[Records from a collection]
=== Begin Enclosure ===

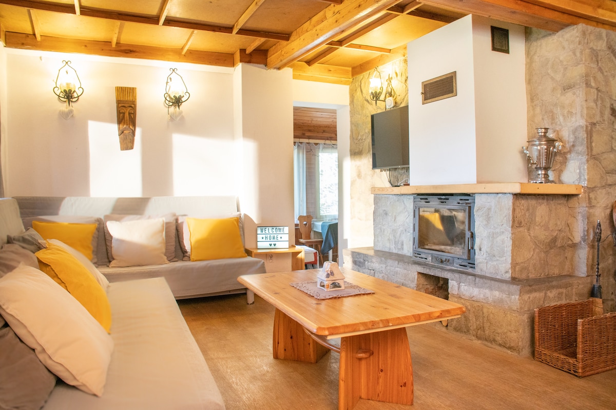 ~ Jacuzzi jest wliczone w cenę pobytu ~ Pod Srebrzystym Świerkiem to całoroczny domek z jacuzzi przystosowany do komfortowego przyjęcia 2-6 osób. Domek jest w pełni wyposażony. Do dyspozycji gości oddajemy kuchnię, sypialniane poddasze z dużym podwónym oraz dwoma pojedyńczymi łóżkami, łazienkę, a także pokój dzienny z rozkładaną dużą wygodną sofą, któremu klimat nadaje kamienny kominek. Z kuchni i pokoju można podziwiać bajeczne górskie widoki.
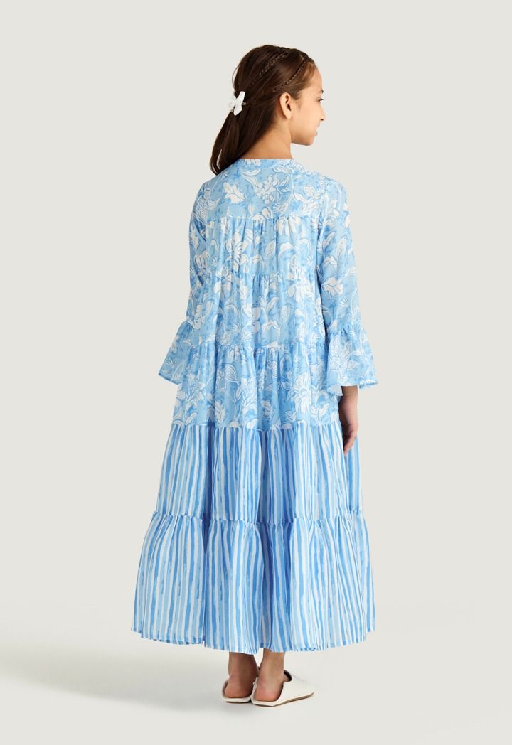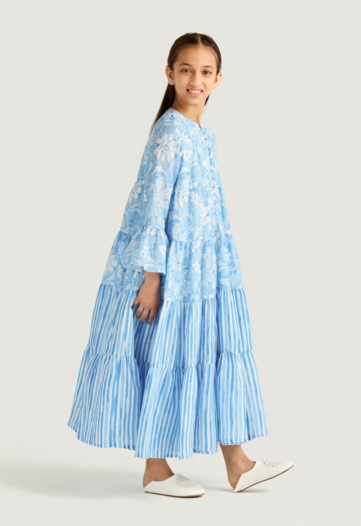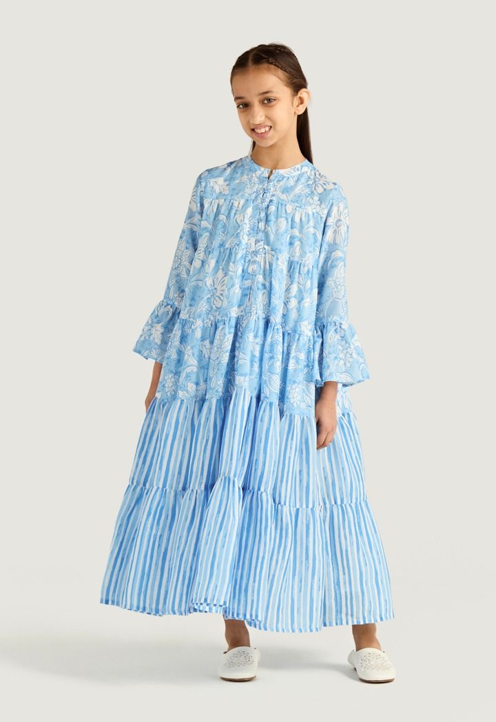 A loose dress with floral and stripe prints that moves beautifully, making it your go to choice for a comfy yet eye catching look in Ramadan and beyond.
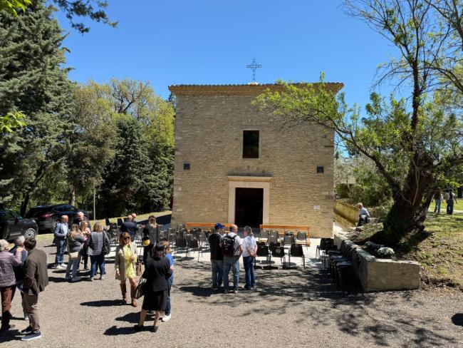 È stato inoltre pavimentato il sagrato, insieme ai marciapiedi laterali, con pietra locale, e sono stati installati faretti per illuminare esternamente le facciate della chiesa. Rifatti anche gli infissi in legno di castagno, la cornice perimetrale interna, adeguato l’impianto elettrico e rinnovata l’illuminazione interna con faretti e strisce LED. Infine, è stato rifatto l’impianto audio ed è stata tinteggiata l’intera chiesa.
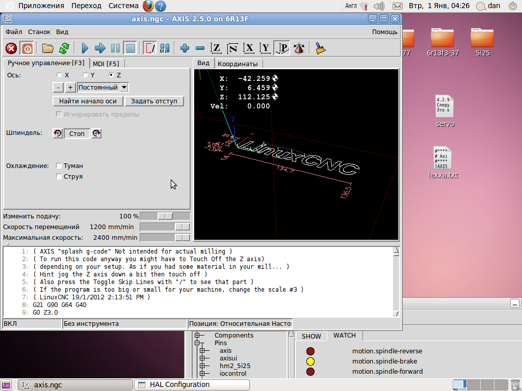 еще учти что пин motion.spindle-brake = 1 всегда, когда шпиндель должен стоять!!!
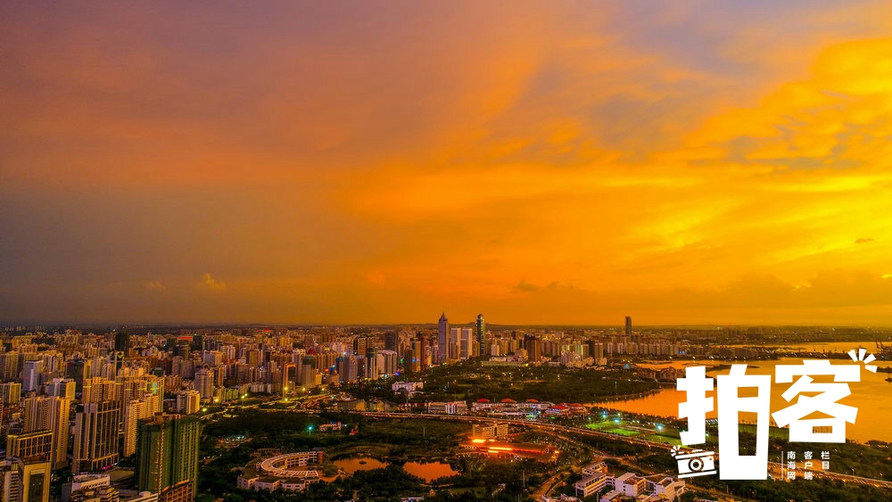 ????雨后的海口灣,夕陽映照天空,色彩好似油畫一般↓↓↓
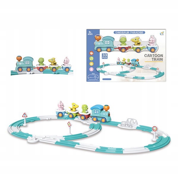 - Tor Wesoły "Dinuś Train 33 elements" – це іграшковий набір треків, який, ймовірно, має мотив динозавра, що робить його привабливим для дітей, особливо тих, хто любить динозаврів. Цей набір може стати чудовою розвагою для наймолодших, поєднуючи в собі розваги в поїзді з елементами пригод у доісторичному світі. Що може містити набір «Tor Wesoły Kolejka Dinuś 33 pcs»? Залізничні колії – набір складається з елементів колії, які можна вільно комбінувати для створення різних маршрутів для поїзда. Поїзд – локомотив із вагонами, які рухаються рейками, можливо, з елементами, пов’язаними з темою динозаврів. Елементи тематики динозаврів – фігурки динозаврів, дерева, каміння та інші декорації, які створюють атмосферу доісторичного світу. Інтерактивні елементи – Мости, тунелі, виїзди, по яких може їхати поїзд, що додає динаміки грі. 33 елементи – весь набір складається з 33 елементів, які можна комбінувати для створення різних комбінацій доріжок і пейзажів. Чому це може сподобатися дітям? Динозаври та потяги - поєднання двох улюблених дітьми мотивів: динозаврів і потягів створює цікаву та творчу розвагу. Складання доріжок – можливість створювати різні маршрути розвиває уяву та ручні навички. Інтерактивність – рух потяга рейками, особливо серед динозаврів, це захоплююча пригода.
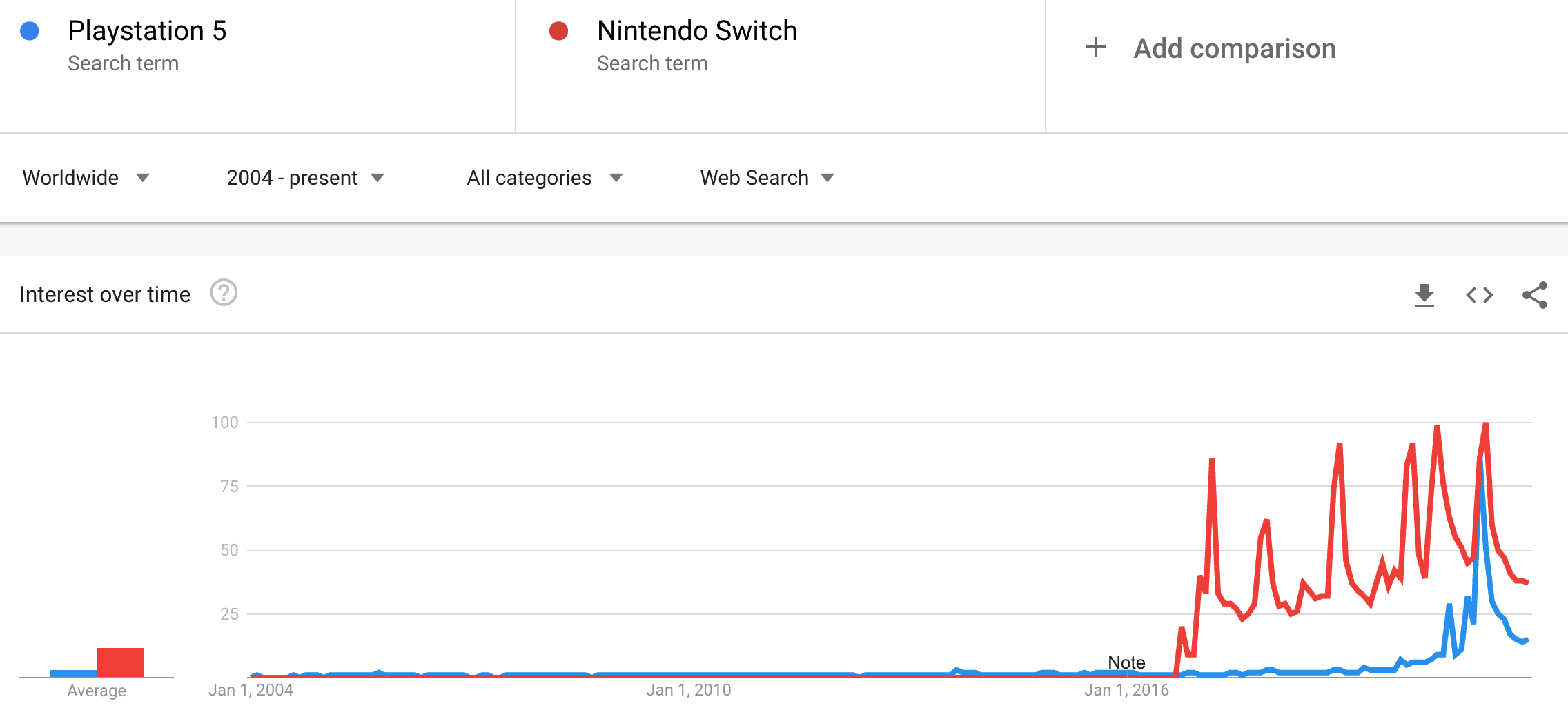 Search queries for Nintendo Switch are still higher than for Playstation 5

=== End Enclosure ===

Instructions for the task: An exact copy of the entries, minus the pictures, is what's needed here.

Reply:
 ~ Jacuzzi jest wliczone w cenę pobytu ~ Pod Srebrzystym Świerkiem to całoroczny domek z jacuzzi przystosowany do komfortowego przyjęcia 2-6 osób. Domek jest w pełni wyposażony. Do dyspozycji gości oddajemy kuchnię, sypialniane poddasze z dużym podwónym oraz dwoma pojedyńczymi łóżkami, łazienkę, a także pokój dzienny z rozkładaną dużą wygodną sofą, któremu klimat nadaje kamienny kominek. Z kuchni i pokoju można podziwiać bajeczne górskie widoki.
 A loose dress with floral and stripe prints that moves beautifully, making it your go to choice for a comfy yet eye catching look in Ramadan and beyond.
 È stato inoltre pavimentato il sagrato, insieme ai marciapiedi laterali, con pietra locale, e sono stati installati faretti per illuminare esternamente le facciate della chiesa. Rifatti anche gli infissi in legno di castagno, la cornice perimetrale interna, adeguato l’impianto elettrico e rinnovata l’illuminazione interna con faretti e strisce LED. Infine, è stato rifatto l’impianto audio ed è stata tinteggiata l’intera chiesa.
 еще учти что пин motion.spindle-brake = 1 всегда, когда шпиндель должен стоять!!!
 ????雨后的海口灣,夕陽映照天空,色彩好似油畫一般↓↓↓
 - Tor Wesoły "Dinuś Train 33 elements" – це іграшковий набір треків, який, ймовірно, має мотив динозавра, що робить його привабливим для дітей, особливо тих, хто любить динозаврів. Цей набір може стати чудовою розвагою для наймолодших, поєднуючи в собі розваги в поїзді з елементами пригод у доісторичному світі. Що може містити набір «Tor Wesoły Kolejka Dinuś 33 pcs»? Залізничні колії – набір складається з елементів колії, які можна вільно комбінувати для створення різних маршрутів для поїзда. Поїзд – локомотив із вагонами, які рухаються рейками, можливо, з елементами, пов’язаними з темою динозаврів. Елементи тематики динозаврів – фігурки динозаврів, дерева, каміння та інші декорації, які створюють атмосферу доісторичного світу. Інтерактивні елементи – Мости, тунелі, виїзди, по яких може їхати поїзд, що додає динаміки грі. 33 елементи – весь набір складається з 33 елементів, які можна комбінувати для створення різних комбінацій доріжок і пейзажів. Чому це може сподобатися дітям? Динозаври та потяги - поєднання двох улюблених дітьми мотивів: динозаврів і потягів створює цікаву та творчу розвагу. Складання доріжок – можливість створювати різні маршрути розвиває уяву та ручні навички. Інтерактивність – рух потяга рейками, особливо серед динозаврів, це захоплююча пригода.
 Search queries for Nintendo Switch are still higher than for Playstation 5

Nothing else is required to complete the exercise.